WHAT YOU NEED TO DO = Among the lines below, output only those between the line holding "Spanning four floors, the" and the line holding "β Diffuse cytoplasmic", inclusive, exactly as written and with no pictures.

ENTRIES PROVIDED =
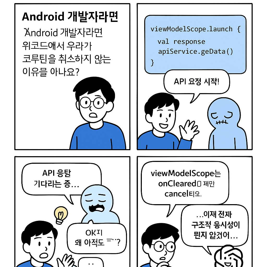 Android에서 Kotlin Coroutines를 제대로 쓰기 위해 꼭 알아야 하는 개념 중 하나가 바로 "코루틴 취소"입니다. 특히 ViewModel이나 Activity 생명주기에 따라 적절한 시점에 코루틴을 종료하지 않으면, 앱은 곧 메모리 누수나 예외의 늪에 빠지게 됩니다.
---
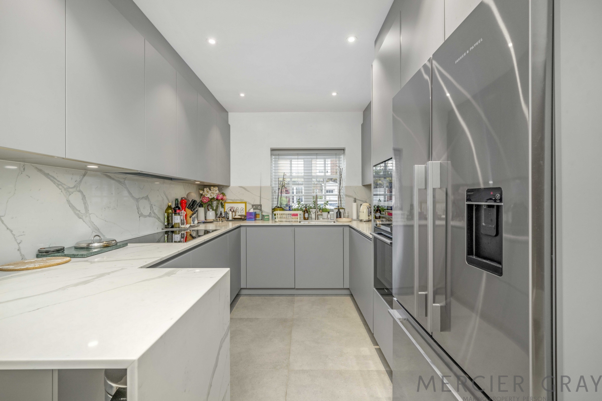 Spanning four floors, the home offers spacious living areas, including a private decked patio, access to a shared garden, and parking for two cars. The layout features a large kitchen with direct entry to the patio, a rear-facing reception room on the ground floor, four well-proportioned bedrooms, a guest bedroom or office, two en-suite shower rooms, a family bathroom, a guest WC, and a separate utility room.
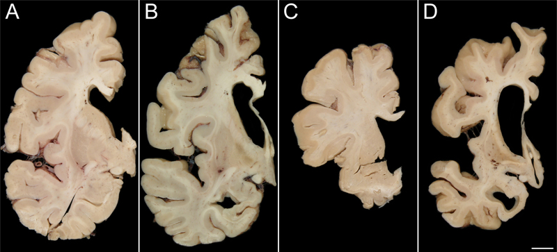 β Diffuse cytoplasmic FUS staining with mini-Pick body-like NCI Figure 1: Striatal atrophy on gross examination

RESPONSE AREA =
 Spanning four floors, the home offers spacious living areas, including a private decked patio, access to a shared garden, and parking for two cars. The layout features a large kitchen with direct entry to the patio, a rear-facing reception room on the ground floor, four well-proportioned bedrooms, a guest bedroom or office, two en-suite shower rooms, a family bathroom, a guest WC, and a separate utility room.
 β Diffuse cytoplasmic FUS staining with mini-Pick body-like NCI Figure 1: Striatal atrophy on gross examination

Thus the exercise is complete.